5: steam inlet, outlet 6: catalyst bed

7: tube 8: aqueous solution layer

9: perforated plate

The present invention relates to a method for recovering a support from a gas phase contact partial oxidation catalyst which has lost its desired activity. More particularly, the present invention relates to a method for recovering a support without damage from a spent catalyst when a catalyst used for producing acrolein or methacrolein to acrylic acid or methacrylic acid by a selective gas phase oxidation method loses desired activity. The recovered support can be reused as it is for catalyst production.
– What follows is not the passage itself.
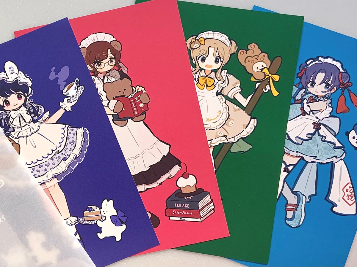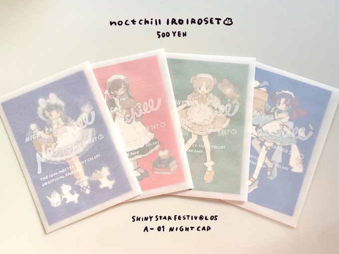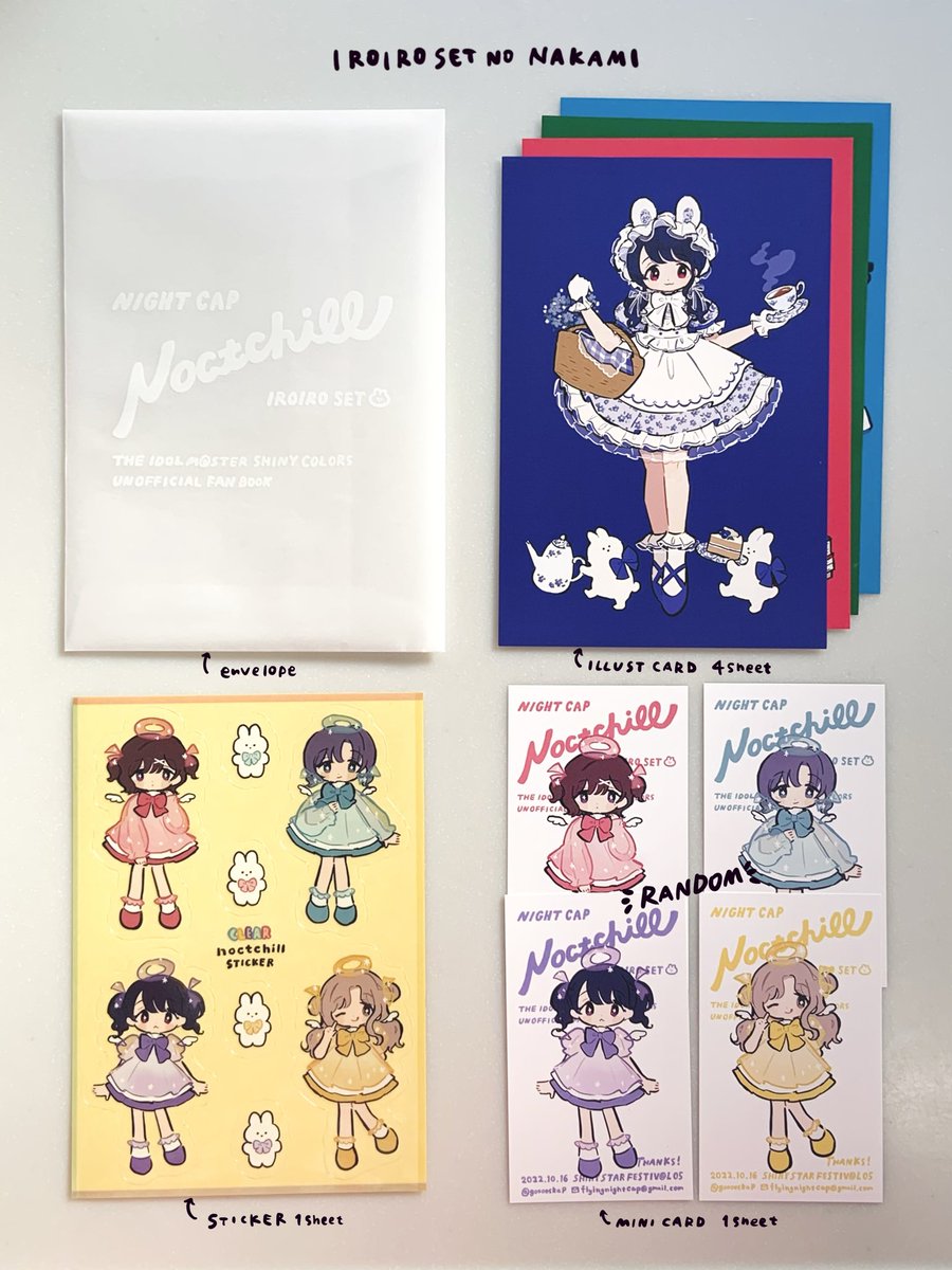 51 170 中身です イラストカードが4枚、クリアシールが1枚、奥付け的なミニカードが1枚(絵柄ランダム)が封筒にはいっています! #SSF05 22/10/13 20:53
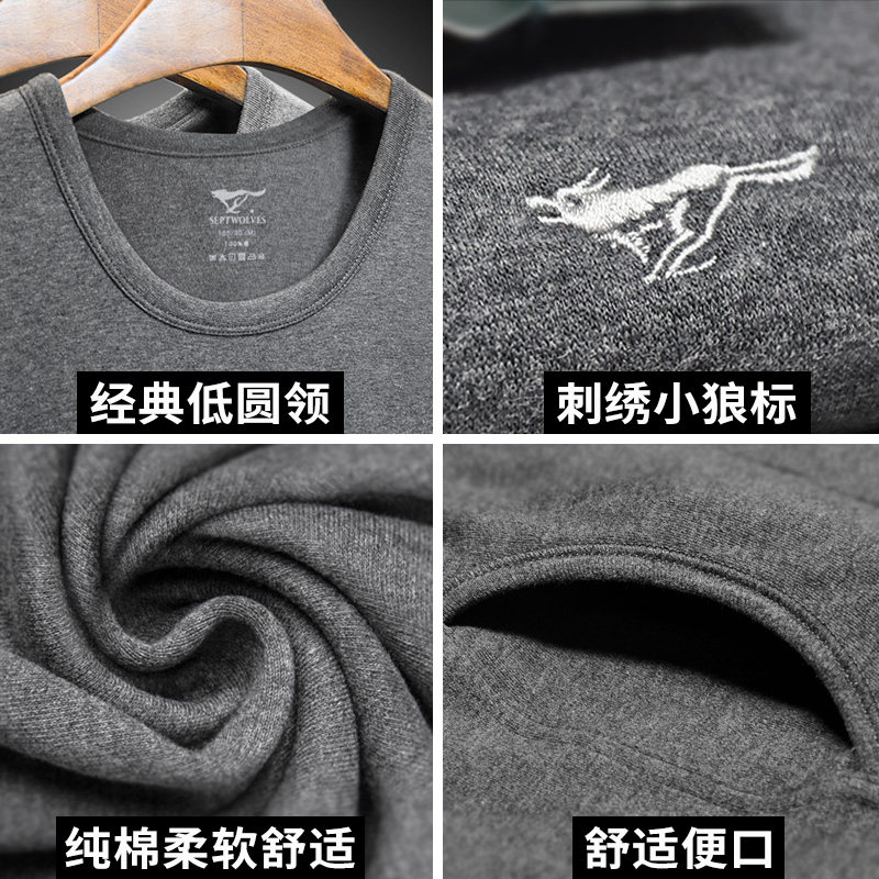 Seven Wolves Men's Underwear Suit Pure Cotton Warm Autumn Clothes Sanitary Pants For Seniors Dad Plus Suede Sanitary Clothing Sanitary Pants

Catalysts used in the gas phase partial oxidation reaction with severe exotherm generally use a small amount of surface active material and heat transfer material supported or coated with a small amount of active catalyst components. This is to prevent excessive reactions, to quickly remove the heat of reaction, to minimize unwanted complete oxidation reactions at temperature control and high temperatures and to extend the life of the catalyst.

According to U.S. Patents 3,567,772 and 4,410,725, Japanese Patent Laid-Open Nos. 49-11371, 49-169, spherical aluminum sponges having a small surface area and large pores in a mixture of aqueous solutions of catalyst salts in the preparation of a catalyst used for producing acrylic acid by partial oxidation of acrolein, Carborandam, alumina, alumina-silica, silicon carbide, and the like are added and evaporated to dry to support the catalyst component on the support, and finally through a predetermined process to obtain a catalyst.

Most of the commercial catalysts prepared by the above method or similar methods consist of a constant thickness catalyst layer in which the catalytically active component is formed in a special way to increase the wear strength in the pores inside the support and on the surface of the support. These catalysts used in commercial reactors gradually lose their activity over time and have to be replaced periodically. In this case, the reuse of the waste catalyst is not only economically useful, but also greatly reduces the amount of waste generated. Among the recycling methods of waste catalysts, many methods for recovering and reusing economically valuable components from waste catalysts are adopted.

The support used for the above-mentioned partial oxidation catalyst is generally expensive and most of them have high strength and thermal stability, so that the properties such as mechanical strength, surface area, and pore distribution are almost unchanged even after prolonged catalytic reaction, so that they can be recovered without damage from the spent catalyst. It is economical because it can be reused many times.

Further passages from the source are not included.